(Given information)

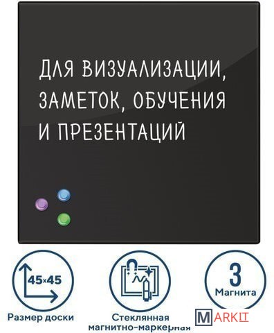 Markit » Офисные доски, флипчарты » Магнитно-маркерная доска BRAUBERG стеклянная 45x45 см (черный)
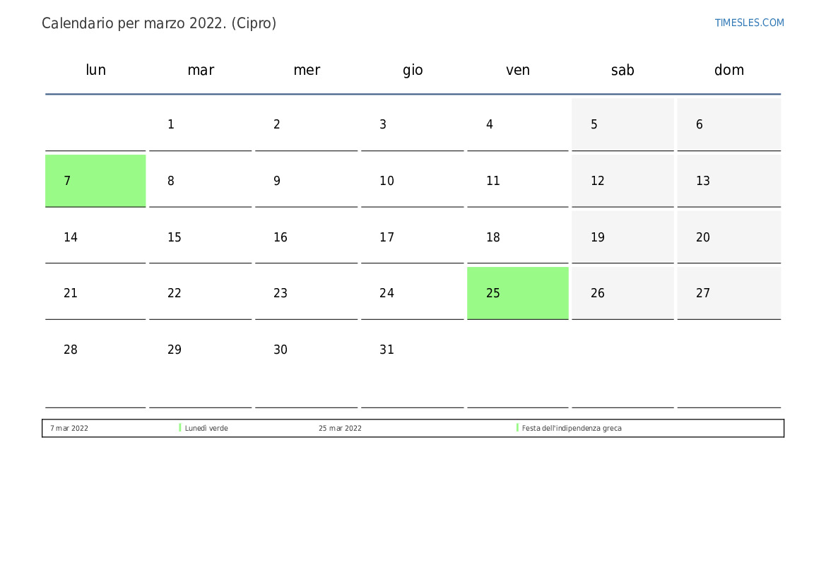 Il mese di marzo contiene 31 giorni. Questo è 3 mese del 2022. Stagione dell'anno: primavera. Il mese di marzo inizia martedì e finisce di giovedì. Nel mese di marzo 2022, ci sono 4 giorni di ferie e di riposo a Cipro.
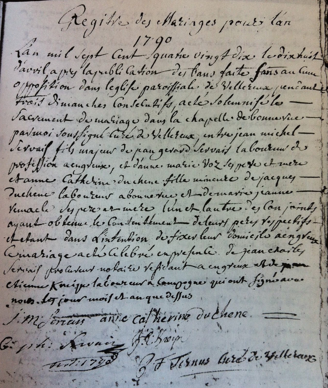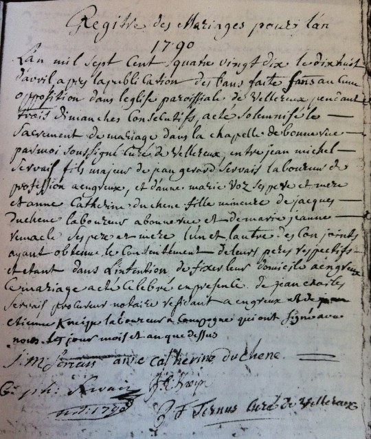 Cette page extraite du registre des mariages de l’an 1790 a été remplie d’une jolie écriture à la plume. L’expression sonore de la joie de ma découverte a fait relever la tête à tous les membres de la salle de lecture. Tous m’ont félicité pour ma trouvaille ! Une joie partagée est tellement irradiante. Voilà près de dix ans que j’attends cet instant. Trouver une preuve de la véracité de ce lien que j’avais lu sur généanet sans plus d’autres indications.

(End Given information)

# [Goal of the exercise]
Every line above must appear in the answer unchanged, and no picture may appear in it.

# [Solution to this exercise]
 Markit » Офисные доски, флипчарты » Магнитно-маркерная доска BRAUBERG стеклянная 45x45 см (черный)
 Il mese di marzo contiene 31 giorni. Questo è 3 mese del 2022. Stagione dell'anno: primavera. Il mese di marzo inizia martedì e finisce di giovedì. Nel mese di marzo 2022, ci sono 4 giorni di ferie e di riposo a Cipro.
 Cette page extraite du registre des mariages de l’an 1790 a été remplie d’une jolie écriture à la plume. L’expression sonore de la joie de ma découverte a fait relever la tête à tous les membres de la salle de lecture. Tous m’ont félicité pour ma trouvaille ! Une joie partagée est tellement irradiante. Voilà près de dix ans que j’attends cet instant. Trouver une preuve de la véracité de ce lien que j’avais lu sur généanet sans plus d’autres indications.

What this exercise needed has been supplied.